Now, the crash happens with any dataset we try. But interestingly, the crash ONLY happens when the system I described above is processing the data. In contrast, if I try to run things by hand… that is, use the same data file structure that was set up by our system, and invoke the EXACT SAME fMRIPrep bash script call we created (i.e., in the same location), it all runs fine… A-to-Z. So there’s something tricky about how our system architecture and Singularity container are not getting along that I can’t quite figure out… Something that leads specifically to this ‘fsaverage’-focused set of Errno 1 messages. I did some Google searching on the error, but only turned up one thing that looked relevant. A prior listserv post somewhere says they ran into something similar using the -u UID option. The issue there was an incompatibility for file permissions between linux accounts that set up vs. were trying to process the data.
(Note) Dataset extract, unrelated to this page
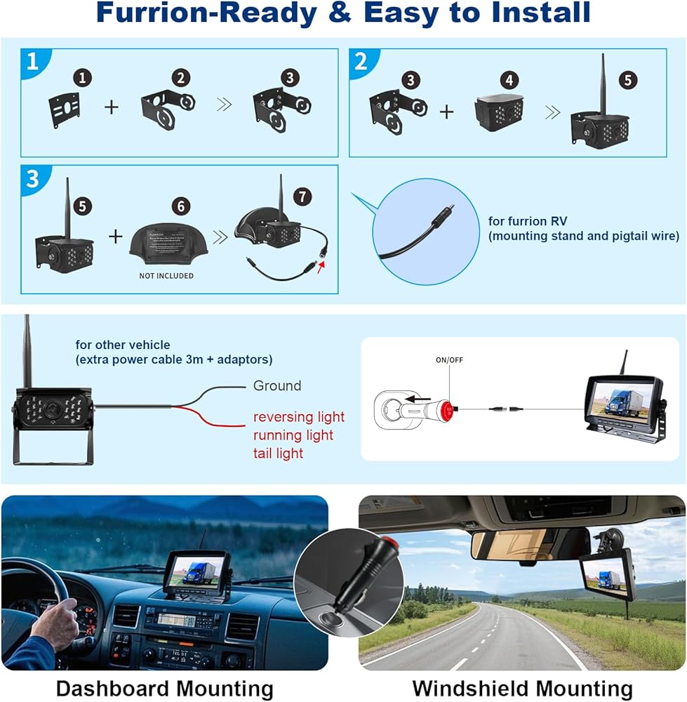 【سهولة التركيب مع كاميرا IP69K】من السهل جدًا تركيب الشاشة والكاميرا. تتصل شاشة الرجوع بولاعة السجائر، بينما يمكن توصيل الكاميرا الاحتياطية بالضوء الخلفي أو الضوء العكسي أو ضوء التشغيل للحصول على الطاقة. بالنسبة للمركبات الترفيهية المزودة بأنظمة Furrion المثبتة مسبقًا، تشتمل العبوة على دعامة تثبيت لتركيب الكاميرا وسلك ضفيرة لسهولة التوصيل. الكاميرا الاحتياطية RV المعدنية بالكامل مقاومة للماء والصدمات IP69K، ومصممة للعمل في الظروف الجوية القاسية.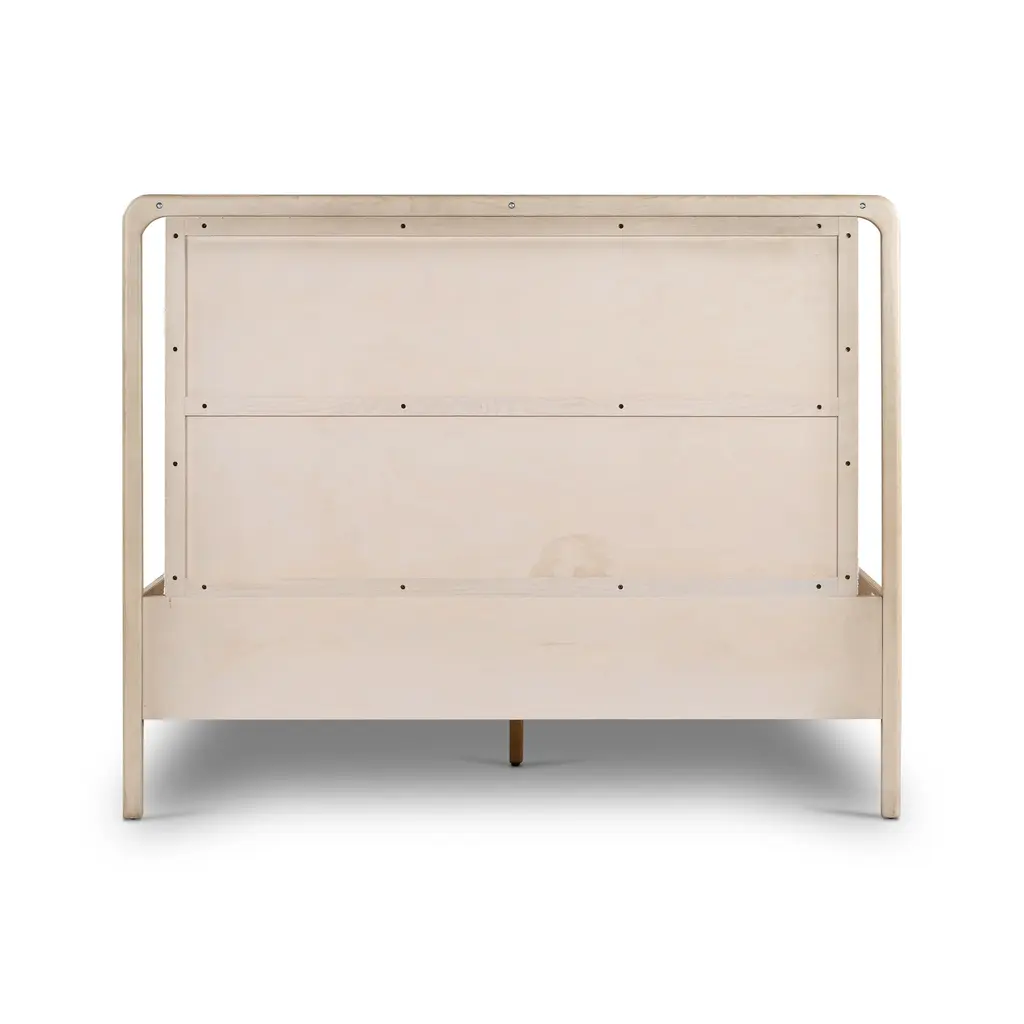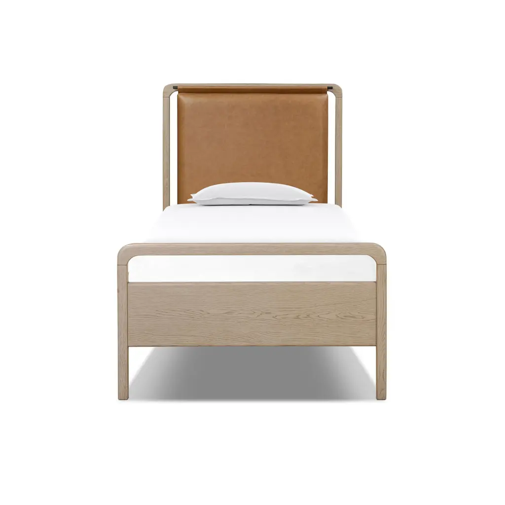 Experience beauty in simplicity with the Rosedale Bed from Four Hands. Crafted from washed oak and top-grain leather, its modern material mix offers a visually light and clean style; while its tightly upholstered headboard and softly rounded legs exude sophistication and elegance. Solid and durable, this distinctive bed will slowly reveal its character with time, becoming a timeless piece of furniture to cherish. Highlights

This felt like a plausible issue here given our architecture. But a) I wasn’t using the -u UID option to begin with (so there couldn’t have been a purposeful incompatibility, merely one that possibly arises from issues I’m not aware of), and b) a variety of things I tried to manually intervene to overcome this issue (e.g., copying over fsaverage BEFORE fMRIPrep tried to do it itself, using chmod to make sure it had full 777 read/write permissions, etc.) all failed.

I’m wondering if anyone can suggest a few things to look into to troubleshoot this issue? It might be as simple as making clever use of the -u UID option as a fix… something I haven’t really tried in depth yet. Or this might be an altogether different problem than the issue above from the prior listserv post I dug up. But I’d appreciate any direction in how to solve things. It’s kinda hard to troubleshoot something when it feels like the error message you get is merely the tip of the iceberg and not about a specific problem. Also, I’m not entirely sure where this copy of ‘fsaverage’ is coming from… I assume it’s being simply copied, verbatim, from inside the container. But if that’s not right, it might help me think through possibilities of things to check.

Best,
Mike

Did you ever find a solution? I experienced the same error recently using an almost identical setup and found a solution.

In our setup, we run fmriprep in a singularity container on an HPC cluster. We have to copy working data to scratch space and submit jobs working with copied data on scratch. Then we copy the processed data back to storage. On the HPC, I would run into the same error, but not when running fmriprep on a local machine.

The problem for me was the scratch folder with the copied data had root group ownership. The error occurs when niworkflows copies the fsaverage directory. It uses the copytree function from shutil and this function wants to changed the copied files group ownership to your default group. The parent directory group’s ownership would propagate to child directories and files, so all files would start out with root group ownership for me. Changing root group ownership to a different group is an operation not permitted so we get that error.

On our scratch space, our user accounts owned the folders where we copy data, so I changed its group ownership to my default group and set the group sticky bit. This solved the issue fore me.